In Cafe de Flore, Vanessa Paradis plays the mother of Laurent (Marin Gerrier) a child with Down syndrome, who loves a classmate (Alice Dubois) with the same condition.

Café de Flore (In French with English subtitles)
Starring: Vanessa Paradis, Kevin Parent, Helene Florent, Evelyne Brochu
Directed and written by: Jean-Marc Vallée
Running time: 120 minutes
14A: Parental advisory: nudity, sexual content, adult themes
Four stars out of five
Love is a puzzle, but never more so than in Cafe de Flore, a delirious conundrum by Quebec filmmaker Jean-Marc Vallée that blends memory, music and deep attachment into a romance spanning decades.
This isn’t an easy film to understand, but it’s a simple one to luxuriate in.
It tells two stories whose connection is the central mystery, although it turns out to be no mystery at all.
That is because it’s about the various ways of love, which are much the same whether they’re in present-day Montreal or in Paris 40 years ago.
In the current story, Antoine (charismatic Québécois musician Kevin Parent) is a successful, healthy man with a beautiful girlfriend and two lovely daughters.
“A man with every reason to be happy and the lucidity to realize it” a voice-over tells us, rather charmingly.
Antoine is a DJ who travels the world, playing in slick, glitzy clubs and returning to sexy Rose (Evelyne Brochu), who is the second soulmate in his life.
He is separated from his first wife, Carole (Helene Florent), a slightly mystical beauty who smiles with a secret understanding.

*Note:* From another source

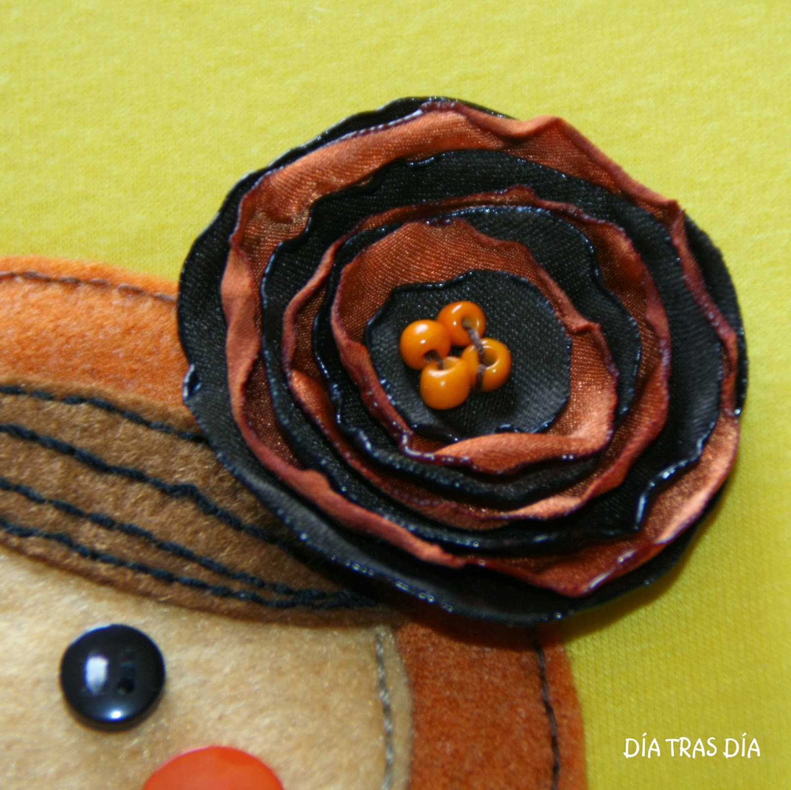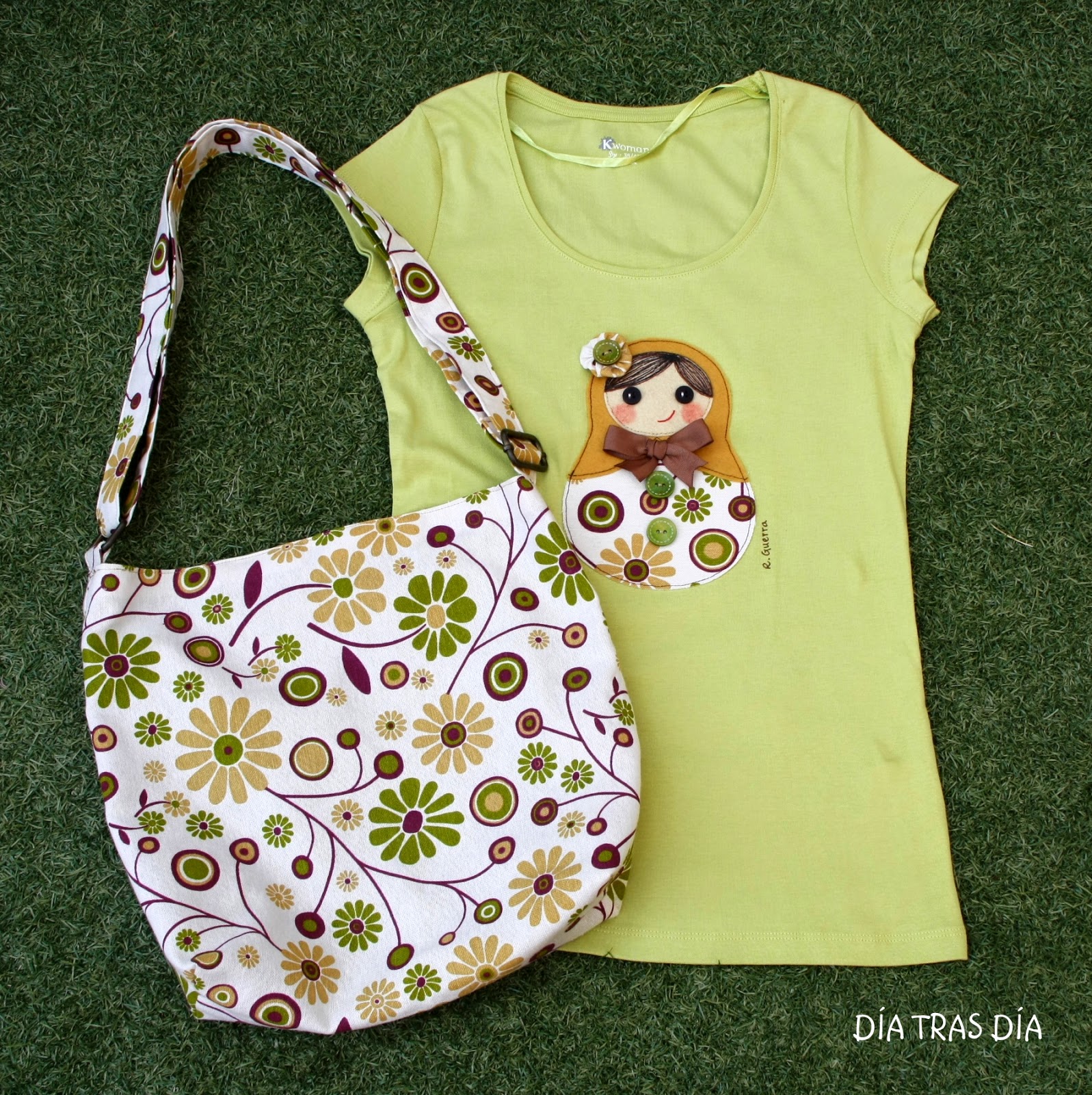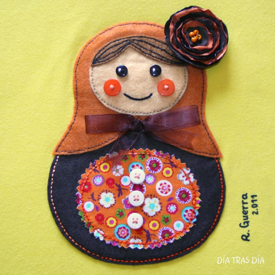 Decidí entonces hacerle una nueva Matrioska, empleando la misma tela del bolso y colores a juego con esos tonos. Y por supuesto, también esta vez sin flor de crochet ;-).

Carole is an idealized ex, a woman who thinks her husband’s new lover is alluring (“a fresh spring blossom”) and dismisses her friend’s loyal critiques about her alleged “fat ass.”
But Carole wanders in a mystical haze, devastated by the loss of her love. She sleepwalks, and has druggy reveries about driving in a car with a monster.
The second story is set in Paris in 1969. Jacqueline (a deglamorized Vanessa Paradis, the gap-toothed waif who is Johnny Depp’s real-life amour) has given birth to Laurent (Marin Garrier), a loving child with Down syndrome. Jacqueline is ferociously devoted to him.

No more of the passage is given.